- Mark as New
- Bookmark
- Subscribe
- Mute
- Subscribe to RSS Feed
- Permalink
- Report Inappropriate Content
Does the number of M20K blocks increase when compiler automatically banks or increases the bank width?
Eg:-
int sample[4] [32];
int a[4][32];
int b[4][32];
#pragma unroll
for(j = 0; j < 4; j++) {
#pragma unroll
for (i = 0; i < 32; i++) {
sample[j][i] = a[j][i] + b[j][i];
}
}
In one of my programs which had a similar snippet as above, the M20K usage suddenly boosted up. The number of RAMs allocated are 103 which is quite strange. Happens even for a and b variables.
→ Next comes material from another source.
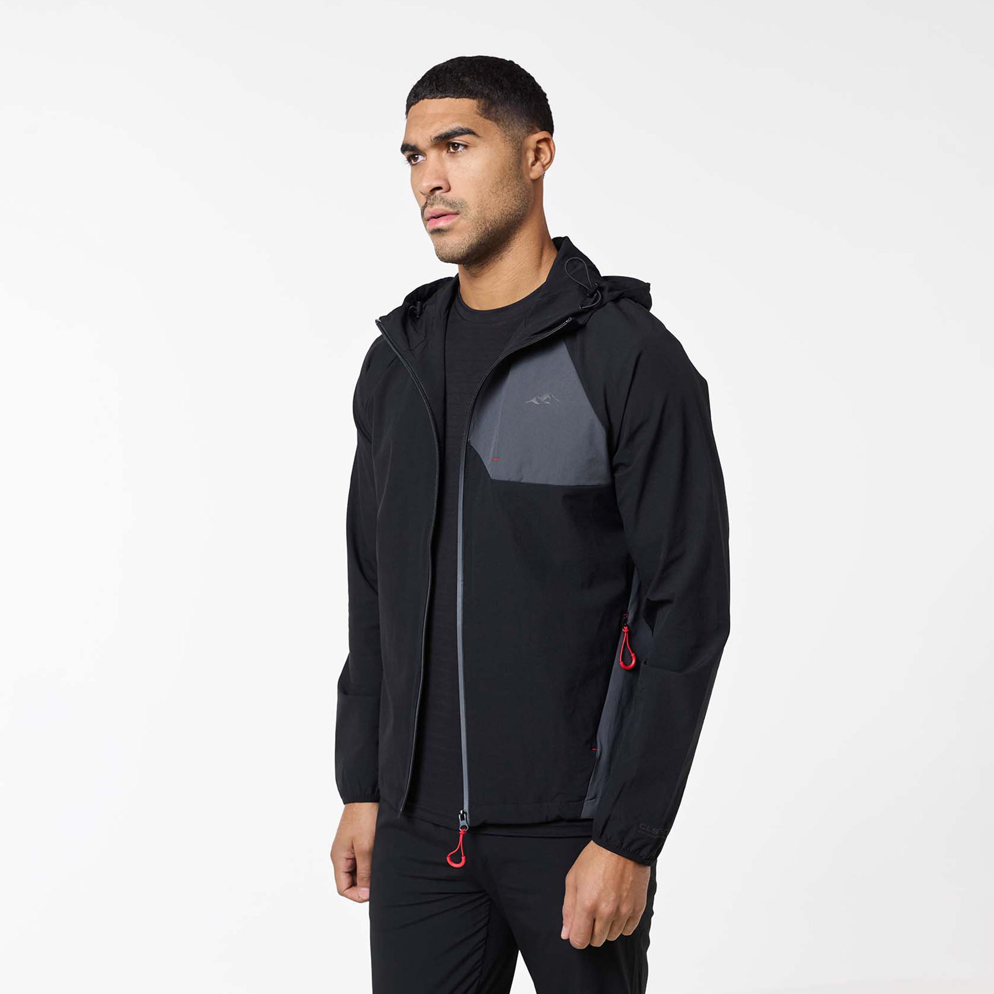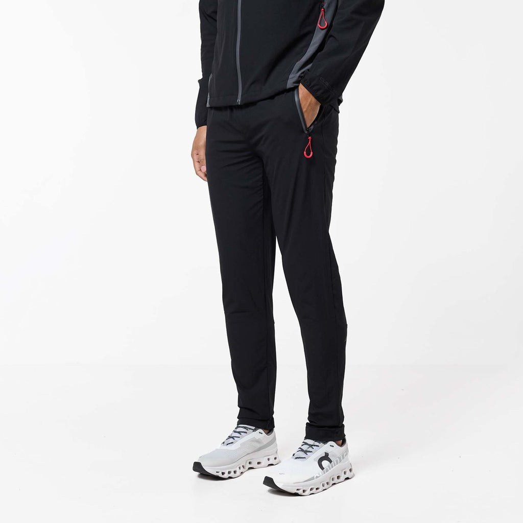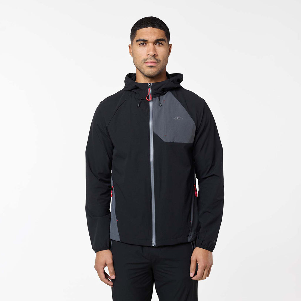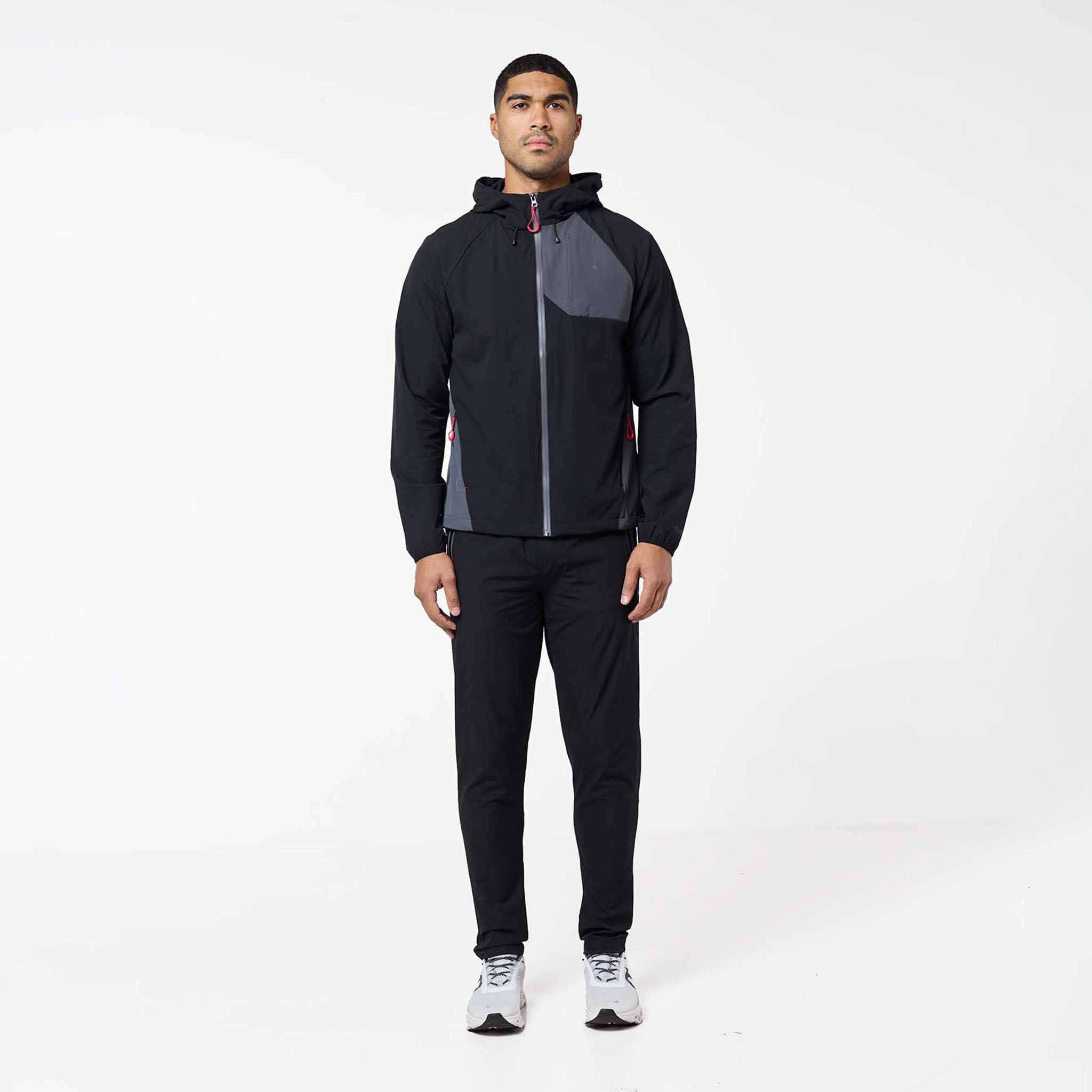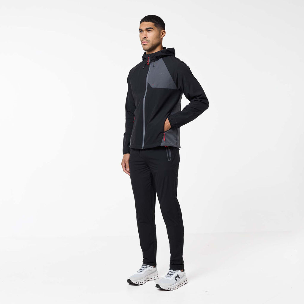 Introducing the iconic Cyclone Contrast Tracksuit in black/graphite/red colour, engineered for both style and performance. The jacket features a comfortable self-fabric 3-piece hood, dynamic cut and sew panels on the chest and body, and a raglan seam for unrestricted movement. It boasts a concealed zip pocket, a sleek coated reverse nylon coil zip, elastic binding at the cuff, a branded dual adjuster at the hem, a contrast fabric yoke at the rear, and a reflective rear logo. The matching pants offer ultimate comfort and performance with a faux fly stitch, self-fabric elasticated waistband with flat poly drawcords, heat seal pockets, zipped hems with autolock zip pullers, a cut and sew panel at the rear leg, and a reflective logo print at the rear seam.

The area report shows no reason why the number of RAM blocks increased.
Requested size 512 bytes
Implemented size 512 bytes
Private memory Optimal
Total replication 1
Number of banks 1
Bank width 4096 bits
Bank depth 1 word
Additional information Requested size 512 bytes, implemented size 512 bytes, stall-free, 1 read and 1 write.
Reference See Best Practices Guide : Local Memory for more information.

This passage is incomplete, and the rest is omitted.